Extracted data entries
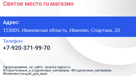 Святое место.ru, магазин по адресу 153005, Ивановская область, Иваново, Спартака, 22 в дальнейшем Организация, размещена в следующих категориях:
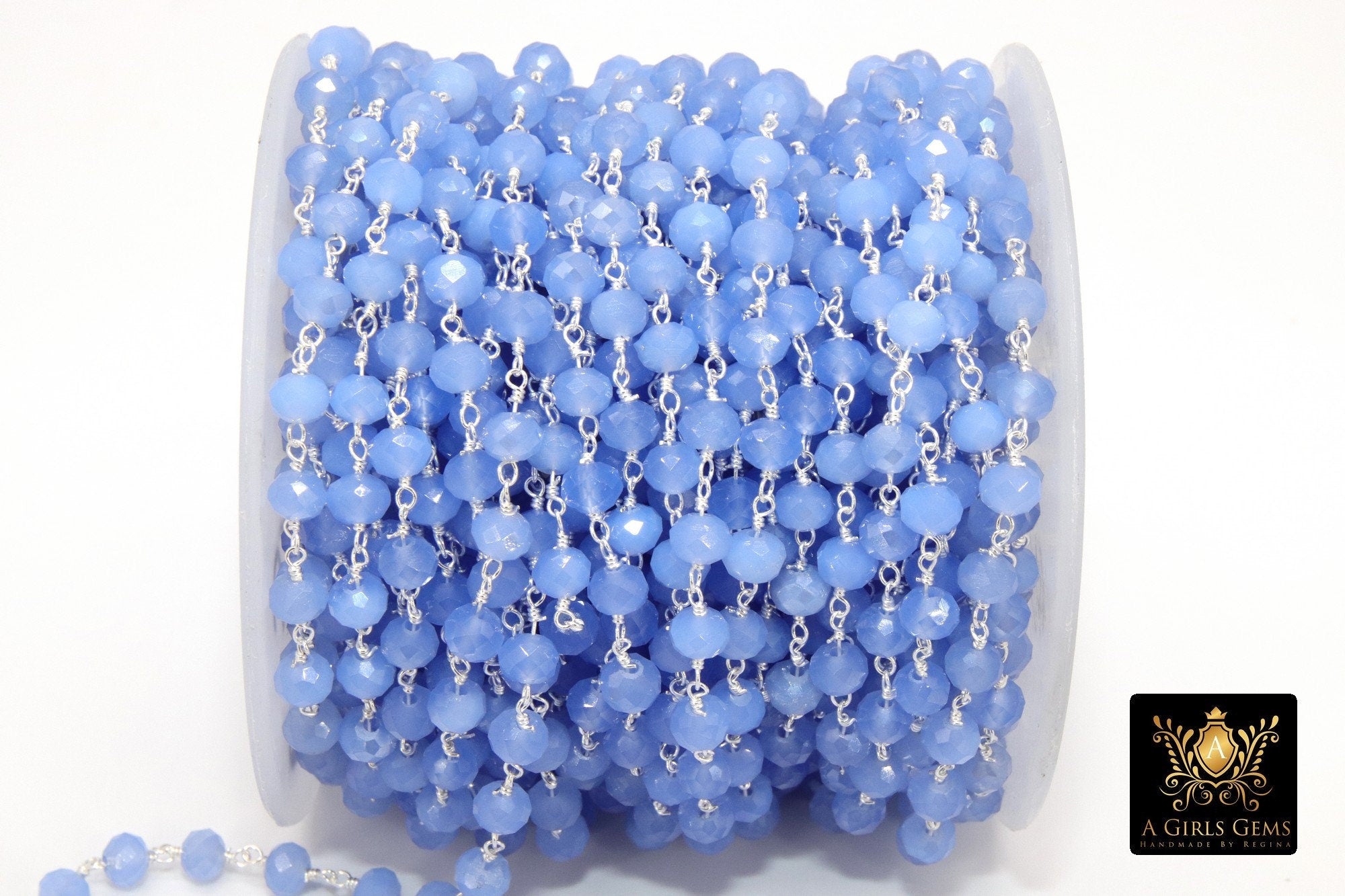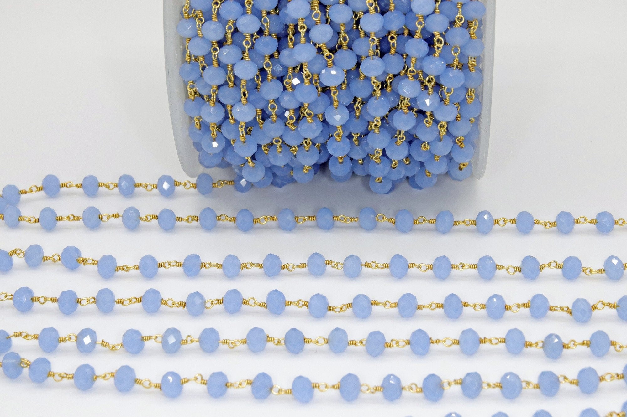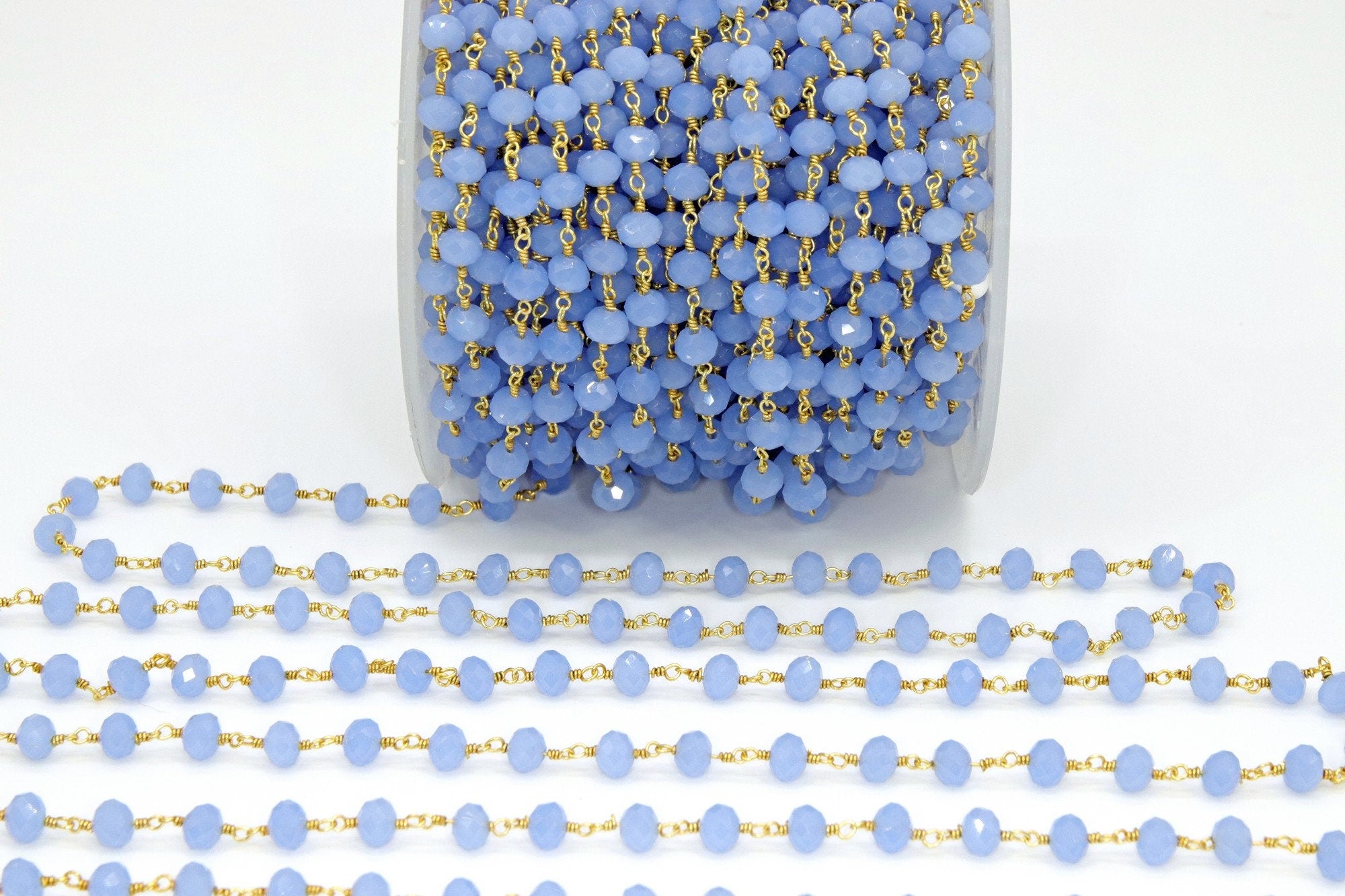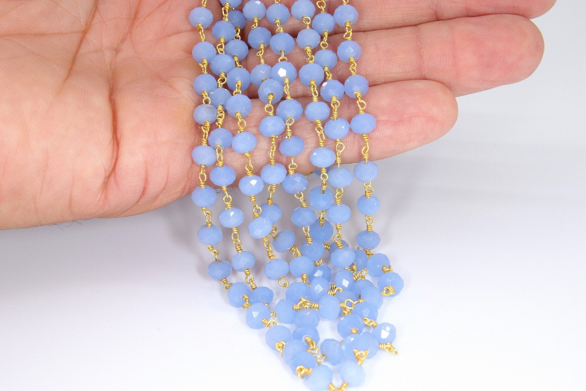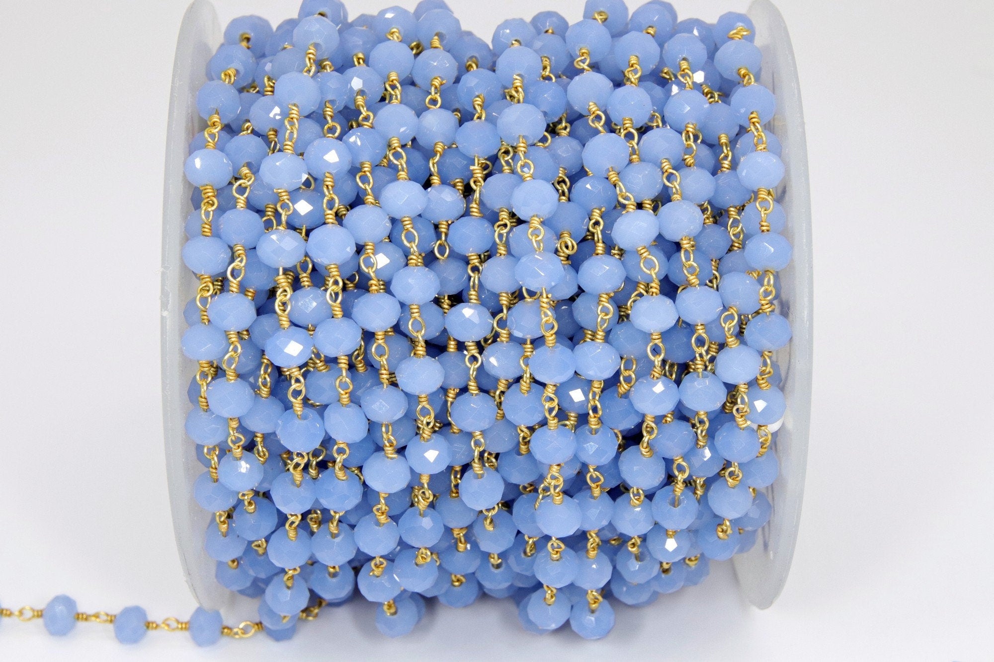 Baby Blue Chalcedony AB Rosary Chain, 6 mm Gold Wire Wrapped Crystal Jewelry Beads CH #513, Unfinished Bulk Wholesale Powder Blue Bead
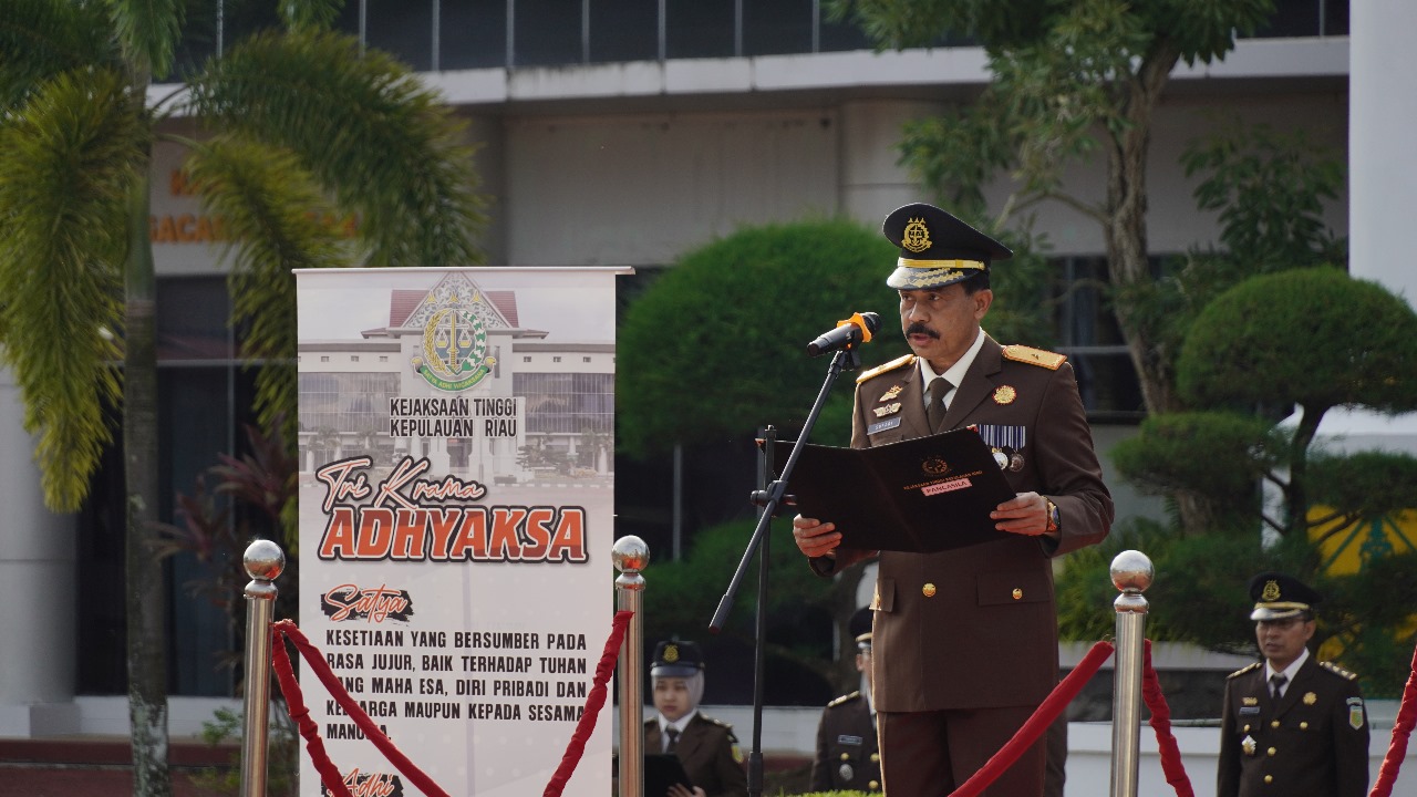 Wakajati Kepri Sufari, S.H., M.Hum., membacakan amanah Jaksa Agung Republik Indonesia pada Upacara Peringatan Hari Kemerdekaan Republik Indonesia Ke-79 Tahun 2024 dengan Tema “Nusantara Baru Indonesia Maju”. Tema ini mencerminkan semangat dan tekad bangsa Indonesia dalam menghadapi tantangan masa depan serta mengajak seluruh rakyat Indonesia untuk melanjutkan pembangunan dengan penuh semangat untuk saling bekerja sama, berkolaborasi, dan bersinergi untuk mencapai tujuan bersama. Semangat yang muncul dalam Tema Besar tersebut menggambarkan visi pembangunan Indonesia di masa depan yang lebih modern dan maju, namun tetap mempertahankan kekayaan budaya dan identitas bangsa Indonesia.
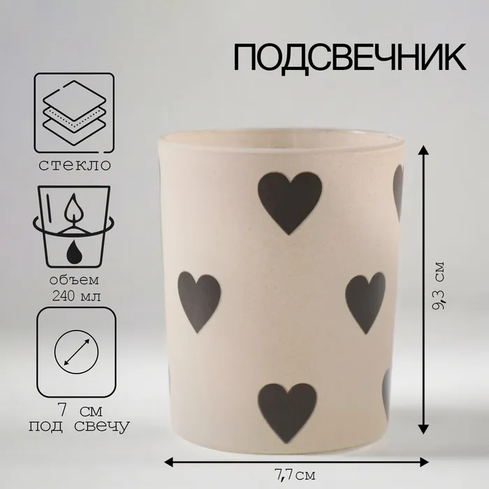 Подсвечник "СЕРДЕЧКИ" 9,3х7,7 см, 240мл
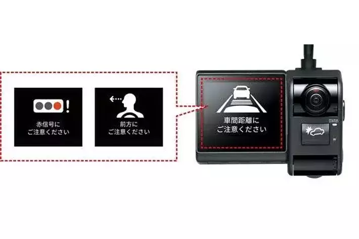 危険な車間距離や急アクセルなどを検知すると、ディスプレイに表示。音声でも警告します。車載器の状態も表示し、各種設定も車載器単体でできるよう、操作性が向上しました。

Instructions for the task
Without the pictures, copy the entries from their first line through the line containing "Baby Blue Chalcedony", and only those lines.

Output for this task
 Святое место.ru, магазин по адресу 153005, Ивановская область, Иваново, Спартака, 22 в дальнейшем Организация, размещена в следующих категориях:
 Baby Blue Chalcedony AB Rosary Chain, 6 mm Gold Wire Wrapped Crystal Jewelry Beads CH #513, Unfinished Bulk Wholesale Powder Blue Bead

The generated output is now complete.